Re: GCVSplineSet errorVariance

Posted: Tue Jan 09, 2024 7:08 am
by kernalnet
Hi Dr. van den Bogert,

Thank you so much for your comprehensive response. Also, thanks for sharing your valuable experiences here and I do appreciate it.

I did a few more tests:
  • I think the (wrong: "known variance") GCV mode can be implemented in OpenSim GCVSplineSet if I set the errorVariance to a negative value. As you mentioned, the smoothness won't be sufficient.
  • If I increase the errorVariance to a positive value, it really does a great job in smoothing, but the few initial and last frames would deviate from the original signal, as you mentioned
Overall, in terms of smoothing, I would opt the Butterworth filter with paddings; thanks john and Ton.

Only one more question; sorry if it sounds silly. If I want to calculate the accelerations from Inverse Kinematics output using GCVSplineSet and use it for acceleration-matching static optimization for example, how many smoothing steps do you recommend? Only the coordinates value, only the calculated accelerations, or both of them (i.e., before and after differentiation).

Please let me know your thoughts.

Thanks again,
-Mohammadreza

Re: GCVSplineSet errorVariance

Posted: Tue Jan 09, 2024 11:07 am
by bogert
Mohammadreza,

You probably meant to say "the GCV mode can be implemented ... if I set the errorVariance to a negative value".

If you know the variance, you can specify it as a positive value. And the larger that value, the more difference the spline allows between smoothed and raw data. So more smoothing.

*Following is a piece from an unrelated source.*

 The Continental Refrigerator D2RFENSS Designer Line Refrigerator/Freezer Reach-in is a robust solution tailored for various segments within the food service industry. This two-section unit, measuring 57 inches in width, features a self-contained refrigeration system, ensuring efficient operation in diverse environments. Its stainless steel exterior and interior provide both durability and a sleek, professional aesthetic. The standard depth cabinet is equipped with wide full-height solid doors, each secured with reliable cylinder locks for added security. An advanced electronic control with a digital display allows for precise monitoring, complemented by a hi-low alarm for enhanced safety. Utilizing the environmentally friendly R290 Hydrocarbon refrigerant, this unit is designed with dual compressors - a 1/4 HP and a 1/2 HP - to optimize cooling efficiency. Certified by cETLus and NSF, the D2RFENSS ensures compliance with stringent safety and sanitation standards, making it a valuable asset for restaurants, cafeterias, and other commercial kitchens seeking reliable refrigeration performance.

I now see inthe API documentation: "If negative, the variance will be estimated". It does not say which method is used to estimate the variance, but it is probably the GCV criterion.

Ton

Re: GCVSplineSet errorVariance

Posted: Tue Jan 09, 2024 1:12 pm
by kernalnet
Oh, thank you so much for correcting me, I just edited that mistake.

According to the source codes and comments, OpenSim GCVSpline only supports fitFromGCV and fitFromErrorVariance modes:
https://github.com/opensim-org/opensim- ... #L592-L595

But fitFromDOF and fitForSmoothingParameter modes are also available in Simbody:
https://github.com/simbody/simbody/blob ... h#L85-L158

Thanks again,
-Mohammadreza

Re: GCVSplineSet errorVariance

Posted: Tue Jan 09, 2024 1:48 pm
by kernalnet
Only one more question; sorry if it sounds silly. If I want to calculate the accelerations from Inverse Kinematics output using GCVSplineSet and use it for acceleration-matching static optimization for example, how many smoothing steps do you recommend? Only the coordinates values, only the calculated accelerations, or both of them (i.e., before and after differentiation).
Any recommendation for this? I really appreciate your help.
-Mohammadreza

Re: GCVSplineSet errorVariance

Posted: Thu Oct 03, 2024 10:39 am
by bogert
I missed this, the notifications from SimTk forums don't always arrive.

This reply is very late, but may still be useful for someone.

When you use GCVSpline, you generate a spline from the (X,Y) data once, with a specified smoothing setting (the variance parameter). The spline is stored as a series of coefficients for the piecewise polynomials.

When the spline is evaluated, you can ask to evaluate the spline function itself, or a derivative of the spline, at any value X. So no additional smoothing steps are needed. You keep using the same spline.

I am curious where in the GCVSpline source code the evaluation is done, I could not find a method in the class either. In the original Fortran code, which is translated to C in OpenSim, the evaluation is done by the function SPLDER. See https://github.com/opensim-org/opensim- ... pl.c#L1386

If you need velocities or accelerations, the spline will need to be more smooth than when you only need positions. The easiest way to judge this is to watch for noise in the final result of your processing. If you only look at the smoothed position, it may look fine, but the accelerations may still be too noisy. If the final result seems too noisy, more smoothing is needed. This is typically trial and error. If you are processing data from a known movement, the literature may have advice on what filter to use. For instance, 6 Hz low pass for gait marker data. You can convert the 6 Hz cutoff frequency to a smoothing parameter for the spline. That is the parameter \lambda in this definition: https://en.wikipedia.org/wiki/Smoothing_spline

Unfortunately, OpenSim appears to only have the option to specify variance, or unknown variance (GCV), not the lambda directly. If the lambda is specified directly, the spline code does not have to run an optimization and it will be a lot faster.

Because splines are equivalent to butterworth filters, it may be easier to just use a butterworth filter. This will be easier in the Matlab signal processing toolbox than with OpenSim. OpenSim seems to have a double (forward and reverse) 3rd order low pass filter (presumably Butterworth) in Signal::LowpassIIR. In biomechanics, the standard is to use a double 2nd order filter.

While looking a the Signal class, I noticed that it also has a smoothing spline that has the capability to specify cutoff frequency in Hz!

Ton van den Bogert